A uniquely Queensland story of strong disaster management in the context of climate change is the focus of a new Griffith University produced film.
The 50-minute documentary Dealing with Disasters: The Silent Achievers in Public Health provides a compelling look at the efforts of Queensland’s public health workers, and those they collaborated with, to manage a large-scale and intense set of disasters: the Summer of Sorrow.
In 2010-2011, eighty per cent of the enormous state of Queensland was beset by severe flooding and cyclones. Over close to a year, public health workers, in collaboration with emergency management, local government, and the NGO sector, worked tirelessly to prevent loss of life, outbreaks of disease, and other harms.
“With our changing climate increasingly creating more extreme events and disasters, there is more need than ever to be able to manage those disasters,” says Professor Cordia Chu, the film’s co-producer from Griffith’s Centre for Environment and Population Health (CEPH).
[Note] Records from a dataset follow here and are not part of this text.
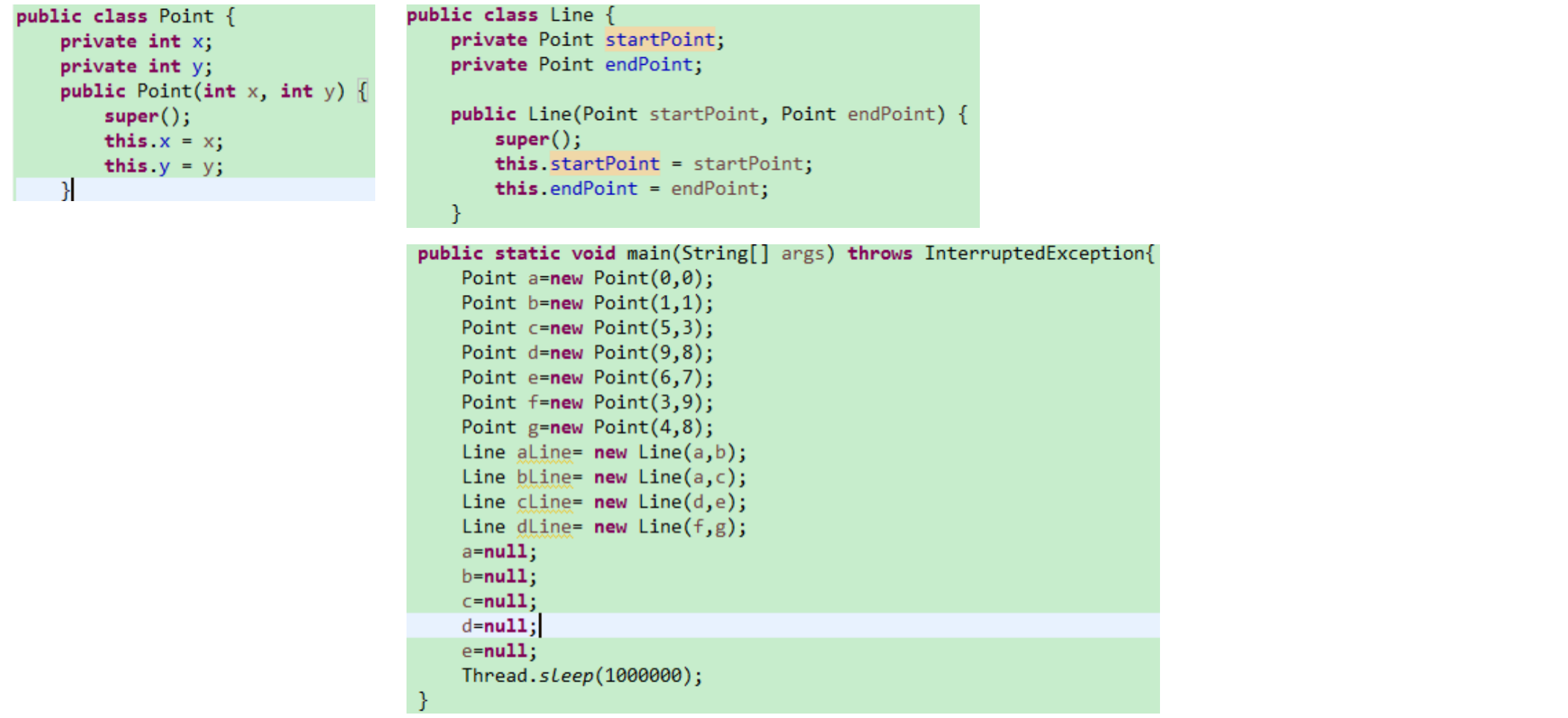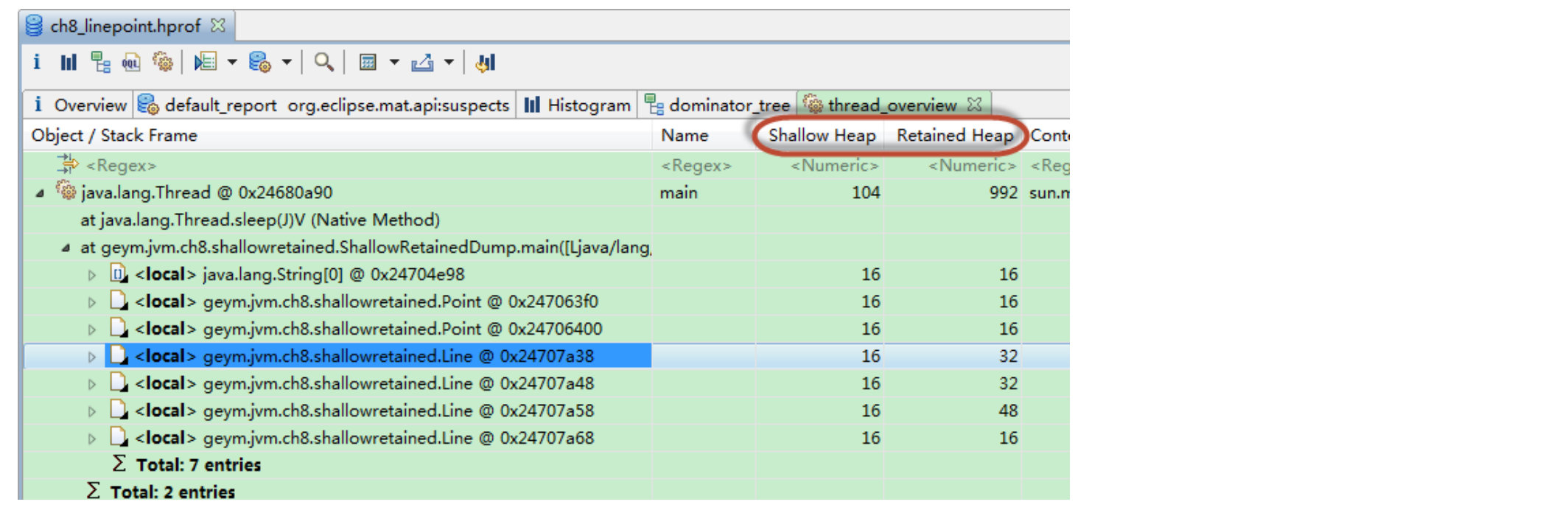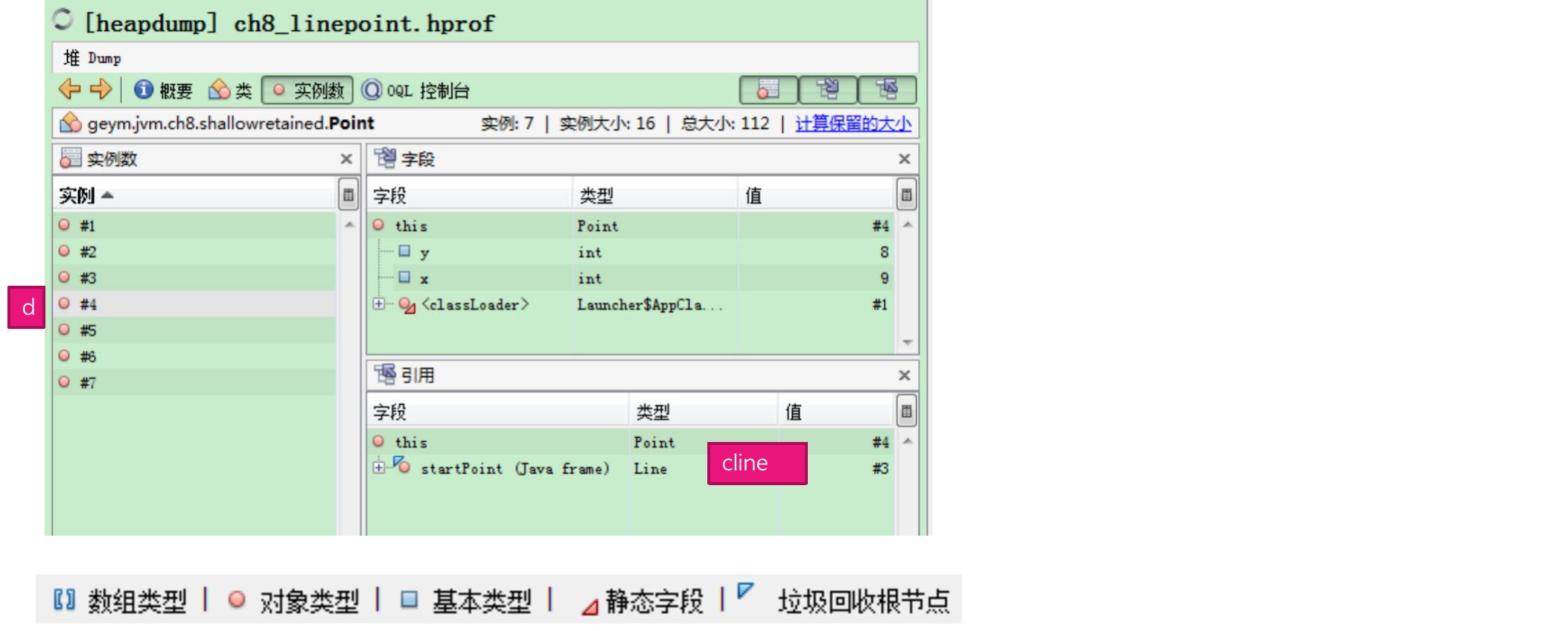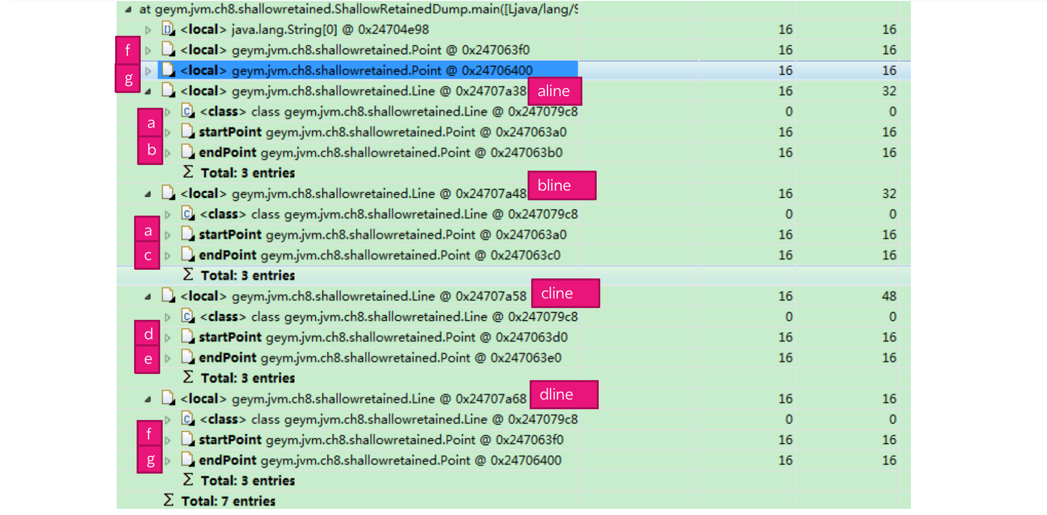 右边的第一列是浅堆,第二列是深堆,每一个浅堆(point和line,因为line中是两个引用, 引用是四个字节 )都是16,f和g是没有引用任何人,所以也是16,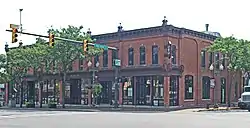 The Union Block is a two-story, six-bay, rectangular red brick Italianate commercial building. It measures 132 feet by 60 feet, and occupies a corner lot, fronting directly onto the sidewalk. Bays are divided by brick pilasters topped by decorative capitals. The two sections of the building have slightly different windows and differing secondary cornice line. Three rectangular windows topped by brick hoodmolds and keystones are in each of the west two bays, while two rectangular windows topped by brick hoodmolds without keystones are in each of the east four bays. Dentillated brickwork and an ornamental bracketed cornice top the structure; the original secondary cornice has been removed.[2]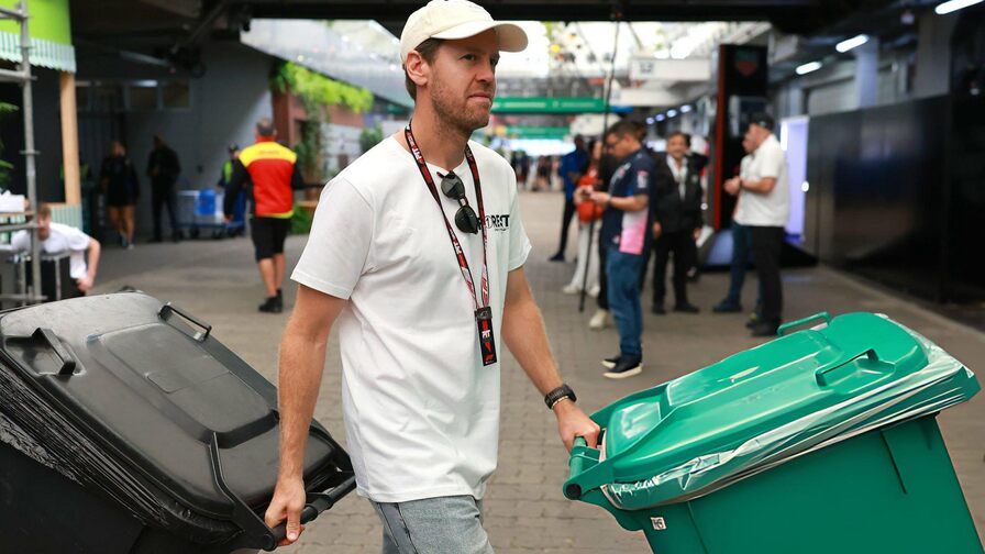В четверг утром Феттель был замечен в паддоке с двумя мусорными баками с надписью «Recyclable», то есть для мусора, подлежащего вторичной переработке, как бумажные газеты, мешки и пакеты из плёнки, стеклянные банки, бутылки.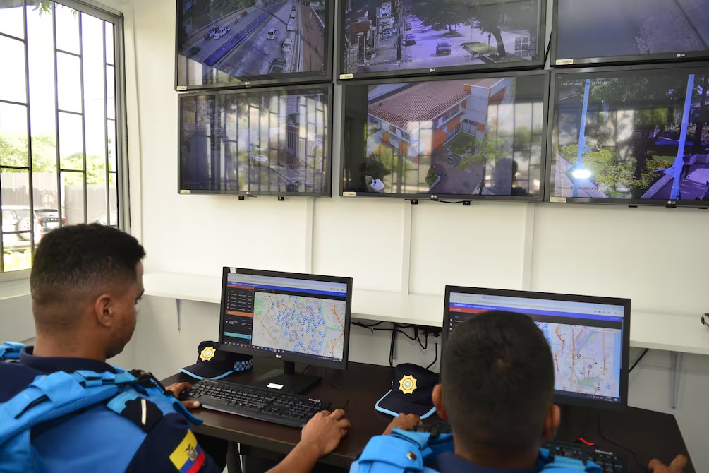 En su interior tiene varios monitores en los que se visualizan las 405 cámaras ubicadas en el sector de Urdesa. Allí también hay control con el centro de operaciones de Segura EP.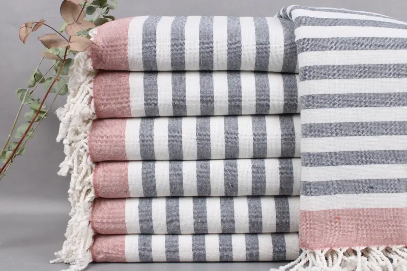 Organic Turkish cotton characterizes the towels, ensuring high absorbency and durability. Resulting in towels that become softer with each wash, they are woven by hand on looms with a tolerance of ± 2 inches or 5 centimeters. Weighing 422 grams, each product measures 40x67 inches or 100x170 centimeters.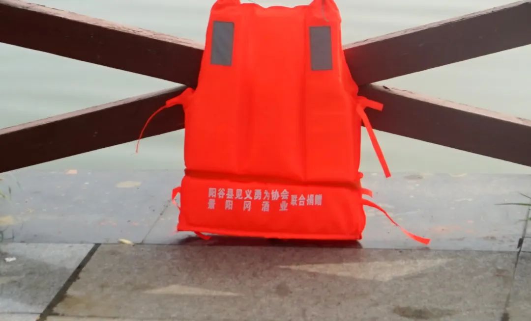 由阳谷县见义勇为协会和景阳冈酒业联合捐赠的100件救生衣也同时悬挂县城各重点防溺水区域,为防溺水工作保驾护航。

“While many people are aware of uniformed emergency responders and their heroic acts during disasters, an important group of people at the front lines of disaster management work behind the scenes to keep communities safe: those in public health.
“From prevention planning, to responding to the aftermath of the disasters, public health worked within the emergency management system to tackle challenge after challenge, and to help the community to care for themselves and stay healthy and safe throughout the turmoil.”
Help from Griffith Film School
The film – produced by Professor Chu and Elena Schak from CEPH, with help from the Griffith Film School – will be screened at an official launch event on June 12, attended by Queensland Chief Health Officer Dr Jeannette Young and representatives from theenvironment and disaster management sectors including international dignitaries. A series of later public events are scheduled for August.
Professor Chu says the film is intended to serve many purposes including being used as a training and educational film for CEPH and its international partners; as an advocacy film to promote awareness of the increasing importance of public health in today’s climate changing world and also to add settle the academic debate about the need to link disaster risk reduction, climate change adaptation and health.